Go Deeper
Pilaro is an AI-native development system designed to keep software systems stable while AI agents build them.
Instead of letting coding agents modify a repository freely, Pilaro runs every improvement through a structured pipeline of specialized agents that analyze, plan, implement, and verify changes.
Each improvement progresses through six stages:
1. Discover
The system analyzes the architecture and determines which components are impacted by the requested change.
2. Define
The improvement is converted into a structured definition with clear intent, constraints, and acceptance criteria.
3. Reality Check
The current codebase is evaluated against architectural contracts to understand the real state of the system.
4. Eligibility Check
Pilaro generates a deterministic execution plan and determines which changes are safe to implement next.
5. Execute
Coding agents implement the approved changes in controlled execution waves.
6. Verify & Deploy
Verification agents test the results and confirm that the system still satisfies its intended behavior before deployment.
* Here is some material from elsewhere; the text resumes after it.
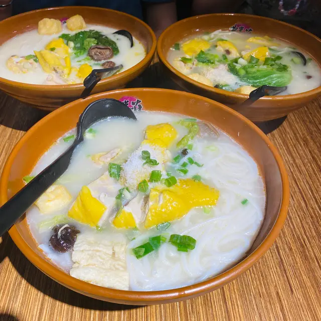 十二點幾覺得肚餓喺尖沙咀唔知食咩好經過厚福街見到門口大大個字寫住「一碗亂湯都可以飲埋嘅米線」即刻走入去試一試見到淨係米線都已經相當多選擇我哋兩個人就點左芫荽雞湯米線椰子雞湯米線同埋啲小食芫荽雞湯米線(加玉子豆腐,豬頸肉)果然個湯頭非常清香濃郁嘅雞湯配上芫荽非常之夾(芫荽味其實唔算太重)雞件亦都算嫩滑性價比相當高⭐️⭐️⭐️⭐️⭐️(5⭐️為滿分)椰子雞湯米線呢個亦都非常好味清甜嘅椰子湯同雞湯混合奶白色嘅湯底令到雞件感覺上更加滑⭐️⭐️⭐️⭐️⭐️小食方面我地點左黃金皮蛋金黃色嘅皮蛋賣相一流之餘佢嘅醬汁亦都調得相當好十分惹味⭐️⭐️⭐️⭐️⭐️最後係爆芝黑松露燒大菇呢個就無之前d菜咁出色啦芝士同黑松露都夠多但係呢兩種野都冇乜味菇燒得唔夠香唔算難食但都唔算好食⭐️⭐️⭐️加咗小食加咗咁多餸最後買單兩個人都係$200到已尖沙咀地段來講性價比都算相當高鍾意食米線嘅朋友一定要一試…查看更多

At the core of Pilaro is a System Truth Layer.
This layer maintains an authoritative understanding of the system’s structure and intent so that AI-generated changes remain visible, stable, and controllable over time.
This approach allows teams to safely increase development speed while preventing architectural drift as AI agents become more autonomous.
Pilaro can operate in two modes:
Drive Mode – Pilaro plans and executes improvements autonomously.
Guard Mode – Pilaro analyzes and verifies pull requests created outside the platform.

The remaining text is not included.